The luminal A tumors, which are indolent and endocrine responsive comprise about 35% of breast carcinoma cases in India. Luminal B tumors represent about only 8% of carcinoma cases. They are heterogeneously characterized by higher grade, low endocrine sensitivity, increased proliferation rate, and poorer prognosis.[6],[7],[13] Tumors with HER2 gene amplification and/or protein overexpression, account for 11% of all breast cancers. They are aggressive in nature and show a good response to anti-HER2 targeted therapy.[6],[13] The TNBCs lack any specific targeted therapy and show a high risk of distant metastasis, unlike the other molecular subtypes. The TNBCs, though considered as a single entity based on IHC and molecular profiling, have marked heterogeneity with aggressive subtypes and show specific epidemiological, clinical, and prognostic features.[14]

Luminal B tumor was the largest in number in our series unlike the other studies (n = 90) (60%).[13] They had a significant association with a high nuclear grade, high-grade PDCs, and high-grade TB. In comparison with luminal A tumors, they were associated with larger tumor size, increased stromal lymphoplasmacytic infiltrate, high Ki 67 index, and circumscribed tumor margins, indicating aggressive behavior. The luminal A tumors also had an increased number of high-grade TB compared to the hormone-negative aggressive molecular groups. TB had a significant association with lymph node metastasis and lymphovascular emboli independent of all the other variables. Our study also showed that tumor size, degree of differentiation, or Ki 67 index have no evident influence on the detachment and dissociation of tumor buds.[5],[9] A definite correlation was seen between TB and ER-positive status. Tumor bud cells are proven to have an epithelial-mesenchymal transition (EMT) phenotype with vimentin positivity, beta-catenin expression, and E-cadherin loss.[4],[15] Estrogen causes EMT in breast cancer stem cells and is involved in tight junction disruption and increased cell motility,[16] causing the budding of tumor cells. Hence, it can be concluded that the luminal A and B tumors being hormone-dependent will show distinct genetic alterations that can influence the tumor microenvironment and cellular features resulting in a high-grade TB.
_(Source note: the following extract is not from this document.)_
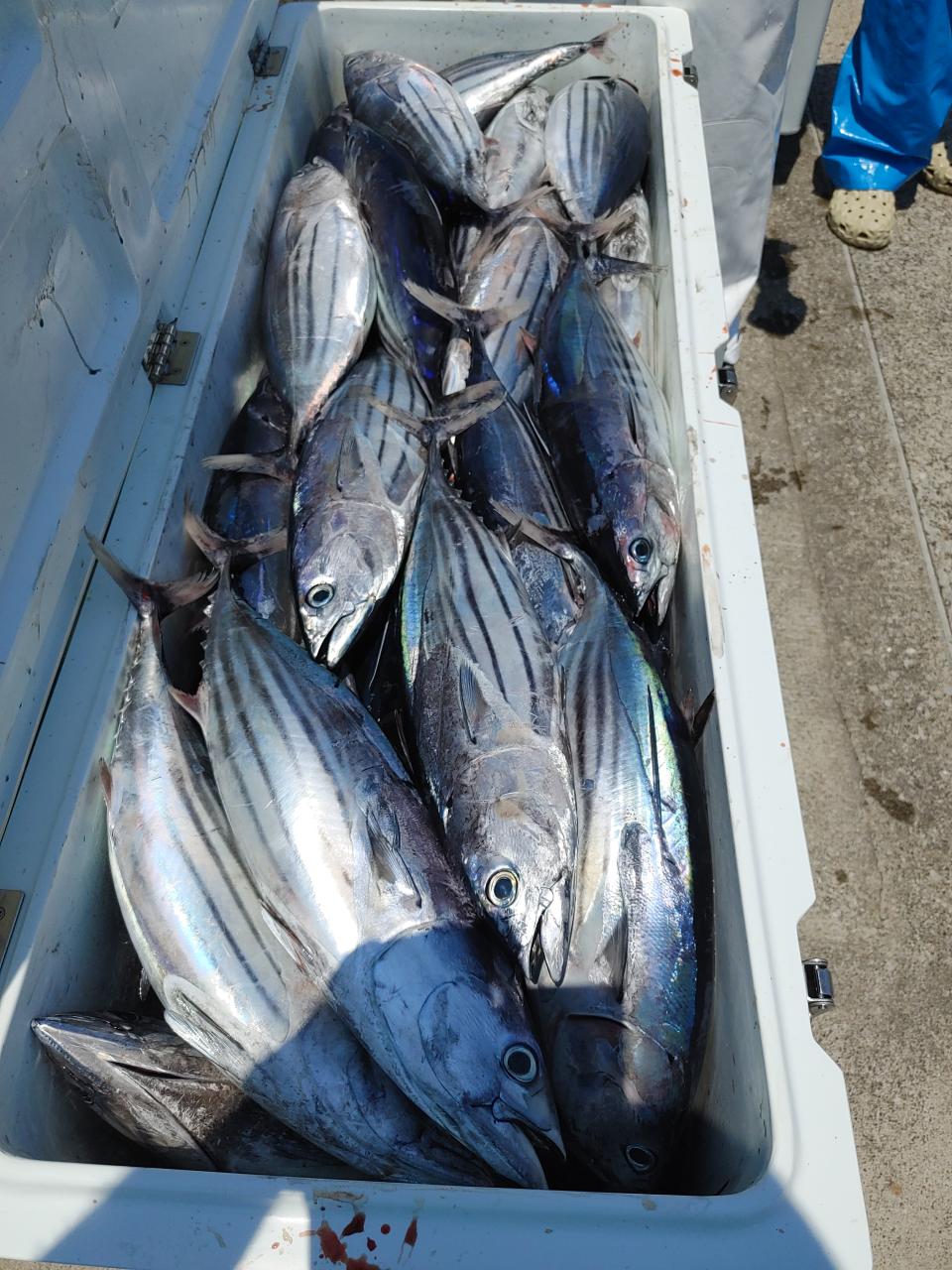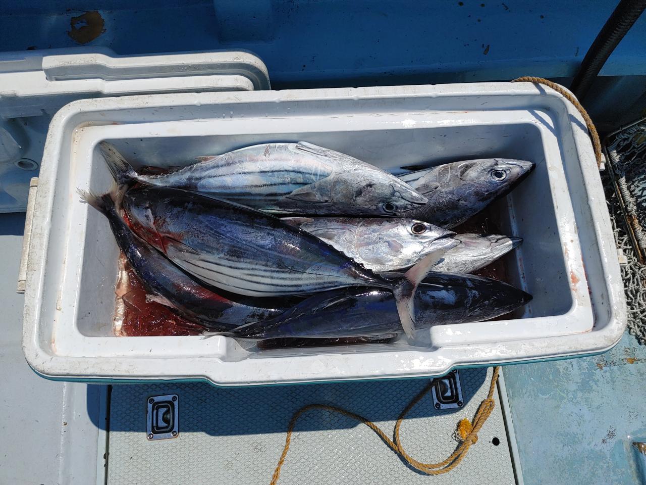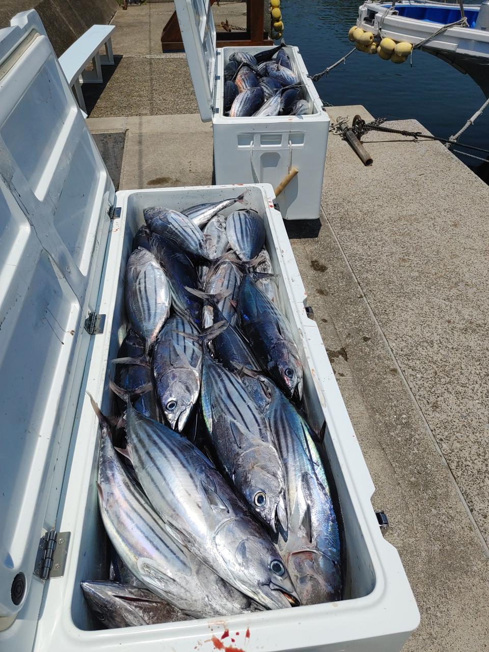 朝イチから良い群れ見付かりカツオの2〜3キロをクーラー満タン。1流しで終了。バリ食いでした。本日は乗船ありがとうございました。

Larger tumor size, circumscribed tumor margins, lack of a desmoplastic stroma, high Ki 67 index, high stromal lymphoplasmacytic infiltrate, and presence of tumor necrosis had a significant association with Her2 neu positive and TNBC tumors compared to the luminal tumors though the values were not statistically significant. It may be due to the low sample size of these subgroups in our study. The signaling pathways that contribute to the metastatic progression of these tumors are still not clearly understood. Few studies have shown that the androgen receptor (AR), a potential prognostic marker and therapeutic target for TNBC cases, was proven to be an important regulator of TB.[17] AR expression in ER-negative tumors and TNBC was associated with a higher nuclear grade. Though TNBC is known to up-regulate many of the EMT-related proteins, they were associated with a low-grade TB as seen in our study.[9] It is possible that EMT exists as a spectrum with respect to each molecular and histological phenotypes. In the TNBCs, EMT may result in an invasive stem cell type, which is molecularly similar to TB but morphologically closer to an immune cell. This can cause difficulties in the detection of TB under the current histological criteria.[9]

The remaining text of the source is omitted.